**WHAT TO PRODUCE:** Output the data verbatim, minus the images.

**DATA FOR THIS TASK:**
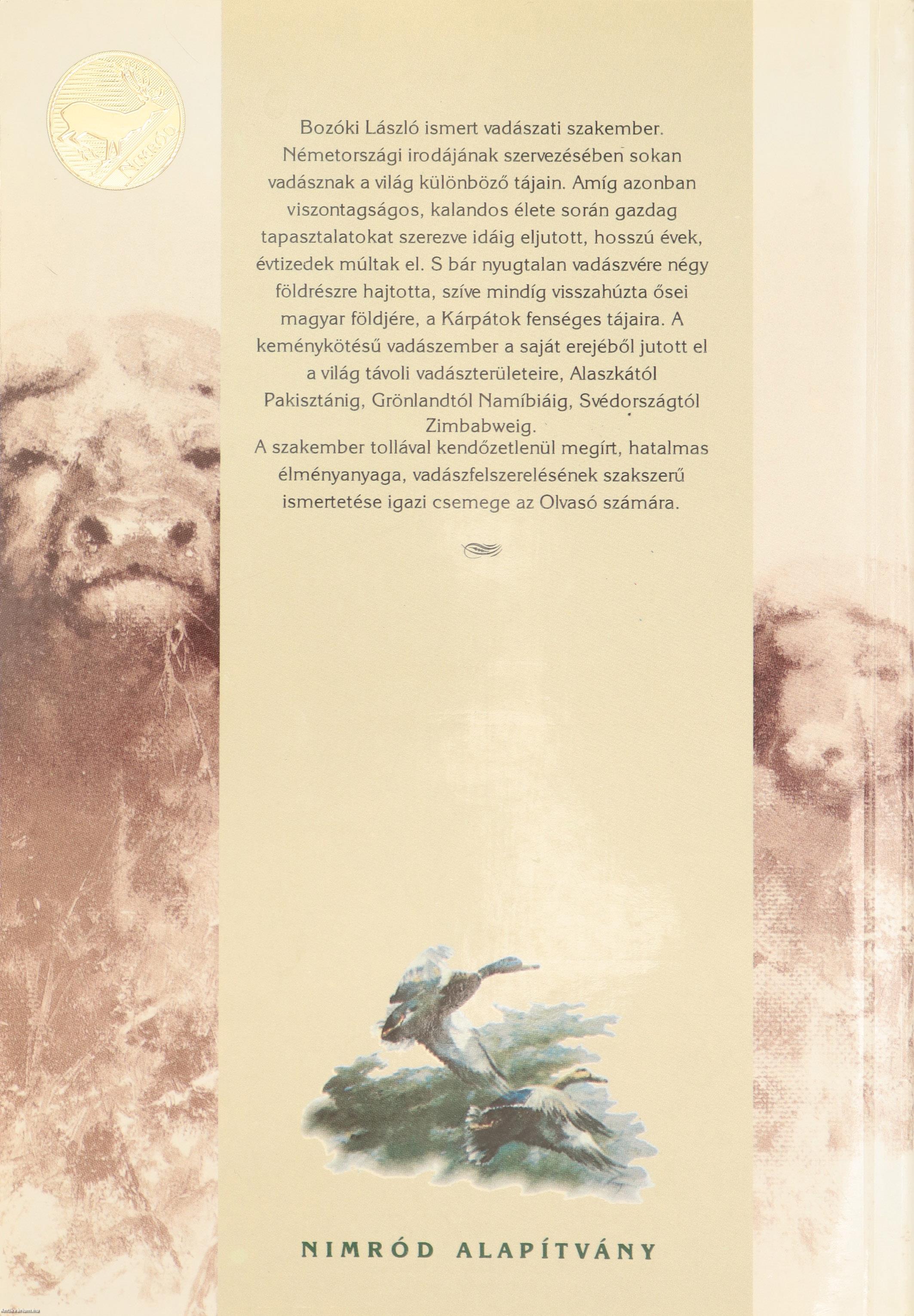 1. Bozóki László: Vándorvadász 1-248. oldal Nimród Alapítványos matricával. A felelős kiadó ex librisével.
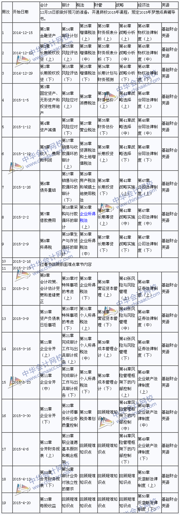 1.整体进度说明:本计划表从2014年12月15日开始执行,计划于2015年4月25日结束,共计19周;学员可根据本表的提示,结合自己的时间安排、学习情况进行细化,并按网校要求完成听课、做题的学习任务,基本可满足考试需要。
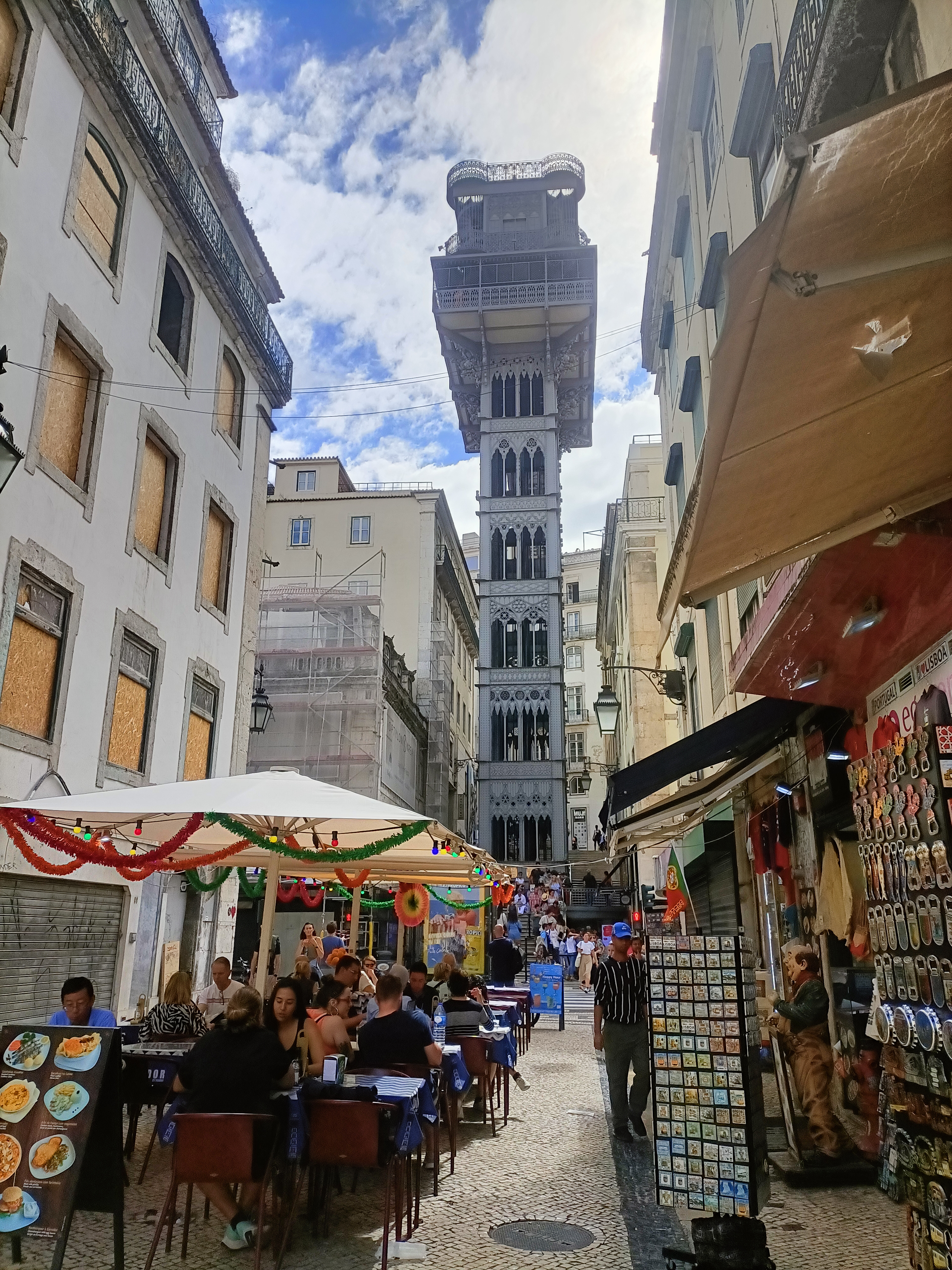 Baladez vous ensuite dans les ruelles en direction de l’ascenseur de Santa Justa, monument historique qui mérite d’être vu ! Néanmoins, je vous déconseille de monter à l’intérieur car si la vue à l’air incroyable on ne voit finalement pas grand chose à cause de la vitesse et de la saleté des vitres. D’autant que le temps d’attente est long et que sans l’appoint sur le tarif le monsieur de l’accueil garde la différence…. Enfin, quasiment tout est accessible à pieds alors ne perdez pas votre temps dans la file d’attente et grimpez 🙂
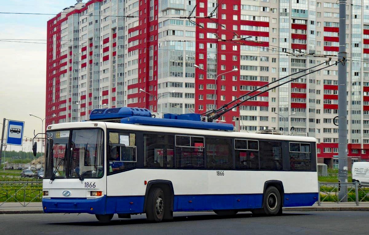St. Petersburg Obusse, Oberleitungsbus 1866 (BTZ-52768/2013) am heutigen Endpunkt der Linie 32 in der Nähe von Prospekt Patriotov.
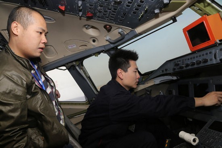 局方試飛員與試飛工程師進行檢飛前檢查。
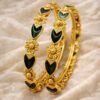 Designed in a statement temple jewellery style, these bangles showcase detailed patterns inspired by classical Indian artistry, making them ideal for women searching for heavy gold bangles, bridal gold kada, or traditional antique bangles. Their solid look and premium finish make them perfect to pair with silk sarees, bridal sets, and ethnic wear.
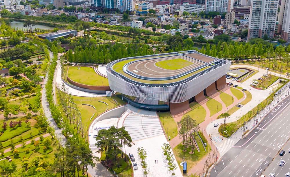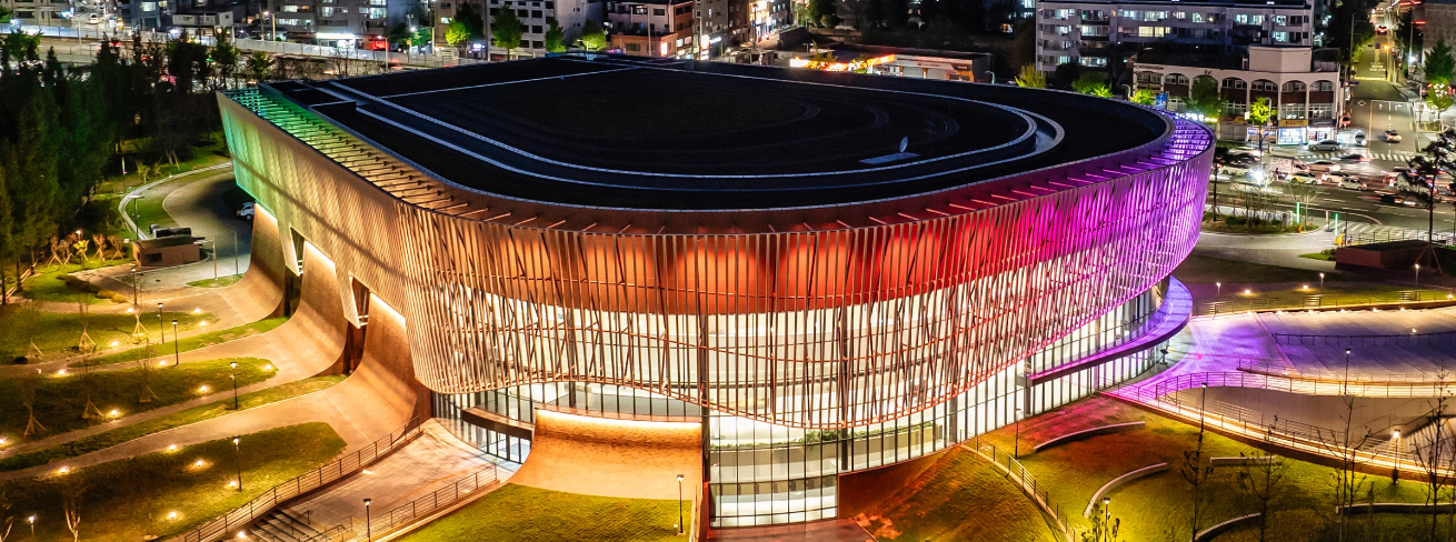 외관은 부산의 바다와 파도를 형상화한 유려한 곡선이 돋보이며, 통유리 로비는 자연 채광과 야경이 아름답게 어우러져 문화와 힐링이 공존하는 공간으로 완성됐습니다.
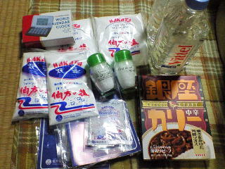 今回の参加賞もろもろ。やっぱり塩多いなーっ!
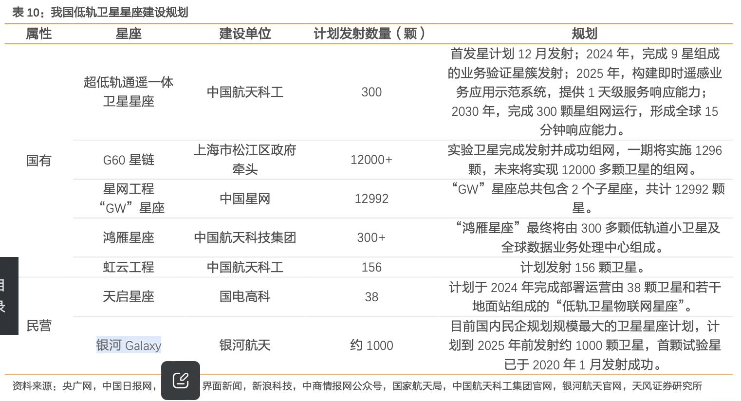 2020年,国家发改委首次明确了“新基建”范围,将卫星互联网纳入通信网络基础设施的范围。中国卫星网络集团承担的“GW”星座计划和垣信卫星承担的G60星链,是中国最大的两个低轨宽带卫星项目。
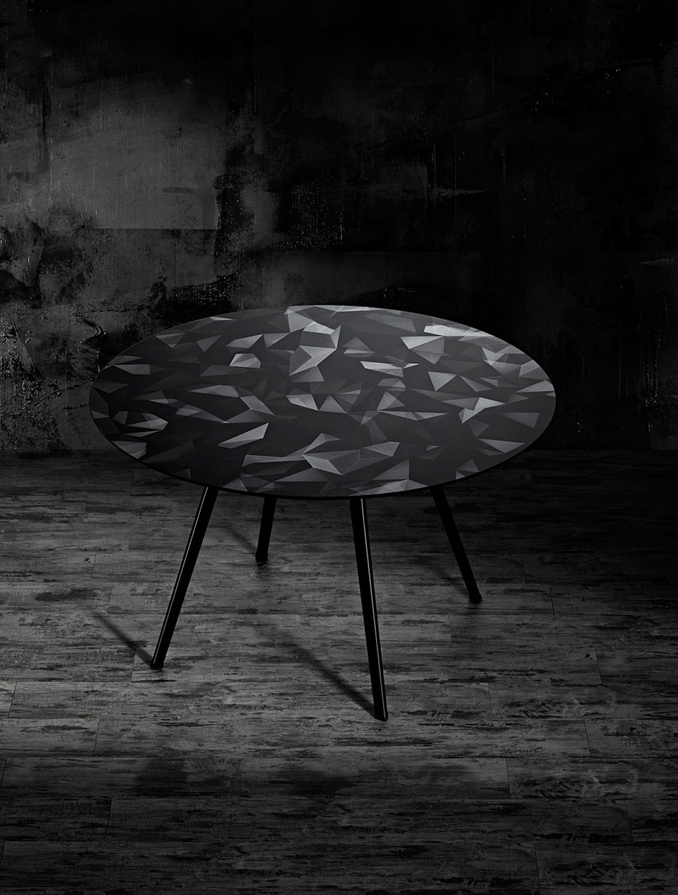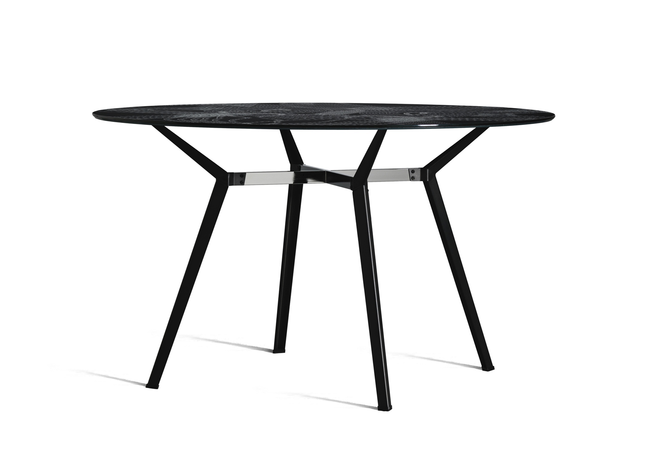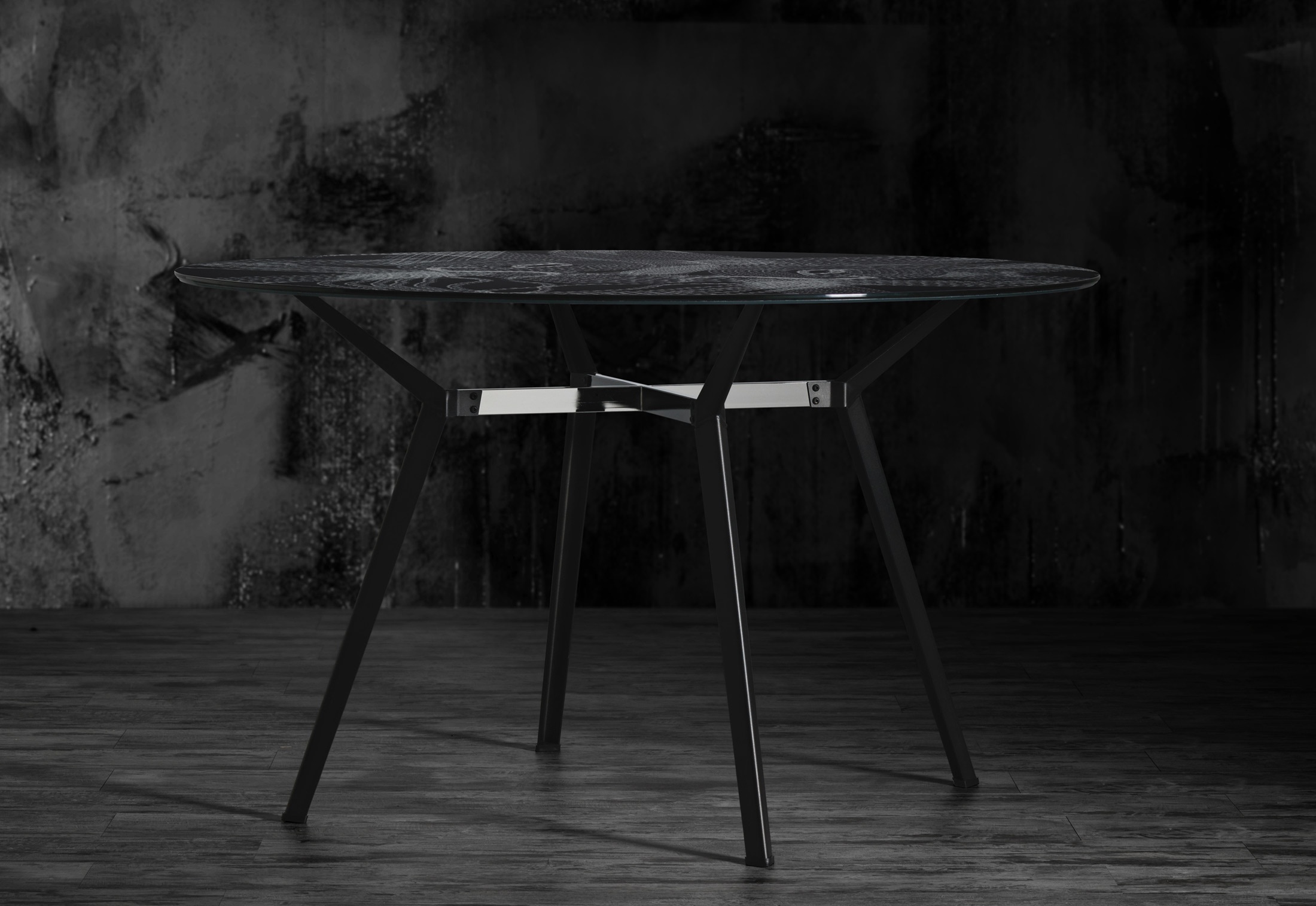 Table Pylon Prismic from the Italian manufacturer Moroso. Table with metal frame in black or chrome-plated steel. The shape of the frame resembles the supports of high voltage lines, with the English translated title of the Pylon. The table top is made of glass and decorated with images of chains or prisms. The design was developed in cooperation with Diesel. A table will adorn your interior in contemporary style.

**TASK SOLUTION:**
 1. Bozóki László: Vándorvadász 1-248. oldal Nimród Alapítványos matricával. A felelős kiadó ex librisével.
 1.整体进度说明:本计划表从2014年12月15日开始执行,计划于2015年4月25日结束,共计19周;学员可根据本表的提示,结合自己的时间安排、学习情况进行细化,并按网校要求完成听课、做题的学习任务,基本可满足考试需要。
 Baladez vous ensuite dans les ruelles en direction de l’ascenseur de Santa Justa, monument historique qui mérite d’être vu ! Néanmoins, je vous déconseille de monter à l’intérieur car si la vue à l’air incroyable on ne voit finalement pas grand chose à cause de la vitesse et de la saleté des vitres. D’autant que le temps d’attente est long et que sans l’appoint sur le tarif le monsieur de l’accueil garde la différence…. Enfin, quasiment tout est accessible à pieds alors ne perdez pas votre temps dans la file d’attente et grimpez 🙂
St. Petersburg Obusse, Oberleitungsbus 1866 (BTZ-52768/2013) am heutigen Endpunkt der Linie 32 in der Nähe von Prospekt Patriotov.
 局方試飛員與試飛工程師進行檢飛前檢查。
 Designed in a statement temple jewellery style, these bangles showcase detailed patterns inspired by classical Indian artistry, making them ideal for women searching for heavy gold bangles, bridal gold kada, or traditional antique bangles. Their solid look and premium finish make them perfect to pair with silk sarees, bridal sets, and ethnic wear.
 외관은 부산의 바다와 파도를 형상화한 유려한 곡선이 돋보이며, 통유리 로비는 자연 채광과 야경이 아름답게 어우러져 문화와 힐링이 공존하는 공간으로 완성됐습니다.
 今回の参加賞もろもろ。やっぱり塩多いなーっ!
 2020年,国家发改委首次明确了“新基建”范围,将卫星互联网纳入通信网络基础设施的范围。中国卫星网络集团承担的“GW”星座计划和垣信卫星承担的G60星链,是中国最大的两个低轨宽带卫星项目。
 Table Pylon Prismic from the Italian manufacturer Moroso. Table with metal frame in black or chrome-plated steel. The shape of the frame resembles the supports of high voltage lines, with the English translated title of the Pylon. The table top is made of glass and decorated with images of chains or prisms. The design was developed in cooperation with Diesel. A table will adorn your interior in contemporary style.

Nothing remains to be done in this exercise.